Last weekend I took my Eco to the dealership for a 5k mile oil change to Mobil-1, tire rotation, and also to have this chirp looked at.

They heard it, told me it was a loud AC compressor bearing (even though I tried the test outlined above, and it had zero effect on whether or not the chirp was there), and that they had to special order a replacement compressor assembly. It should be in this week, and I'll receive a phone call to schedule service and setup a loaner car

So far I'm *mostly* happy with the dealership's response/attitude, considering the squeal goes away after about 5 minutes of driving - But it's worrisome that the part still never came in this week as I was told... I will call them today to see what's up.
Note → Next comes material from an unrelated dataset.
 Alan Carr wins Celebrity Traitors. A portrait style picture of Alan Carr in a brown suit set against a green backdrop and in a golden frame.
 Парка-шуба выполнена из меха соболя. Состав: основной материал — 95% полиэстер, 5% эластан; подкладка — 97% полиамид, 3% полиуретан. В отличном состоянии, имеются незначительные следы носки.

Plus, when I got the car back, the AC was turned ON, which tells me they performed the same test I did before, without any change in the noise... So part of me thinks they will do the compressor job, only to still have the squeal coming from my engine bay...

We shall see...

Regards,

Bones


----------



## JoeyBones (Oct 22, 2011)

Slightly less happy w/ this dealership at this point.
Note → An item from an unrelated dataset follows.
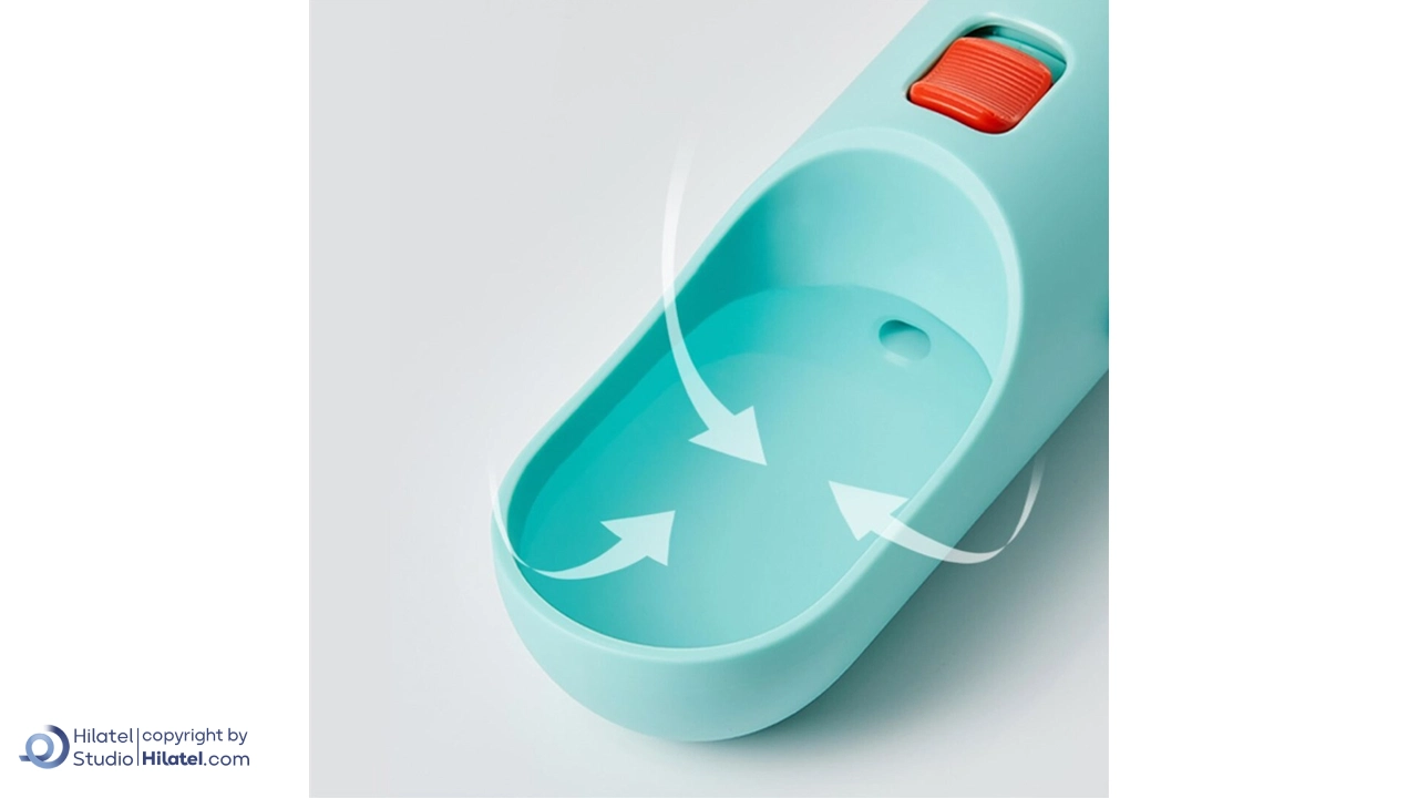 در قسمت بالای بطری آب یک کاسه تعبیه شده تا حیوان مستقیماً از آن بنوشد و نیازی به استفاده از کاسه های جداگانه نباشد. با فشردن دکمه، آب از مخزن بطری وارد کاسه می شود و اگر حیوان آب را تمام نکند با رها کردن دکمه، مایع باقی مانده دوباره به داخل بطری بر می گردد. این ویژگی مانع هدر رفت آب می شود و محیط اطراف را خشک نگه می دارد.

I called. The parts had come in and nobody called like they said. OK, whatever, stuff happens. I take her in Monday evening to drop off and get a rental at N/C, since it's warranty work.

I noticed that they overfilled the oil by over a full quart. I mentioned it to the service manager, and he cut me off, basically said I was lying, that if the manual calls for 4.25, that's what I got (even after I told him how I was billed for 5 quarts). He didn't care about the fact that the dipstick was not even able to "register" the extent of the overfill until I drained a quart. He "assured" me the correct amount was put in.

But he is wrong. I have the extra quart + of Mobil-1 and "full" dipstick reading to prove it.

So I go on to mention the TPMS numbers being wrong, after the tire rotation (which I paid for as well). He has the nerve to make a "sigh" noise like he has better things to be doing.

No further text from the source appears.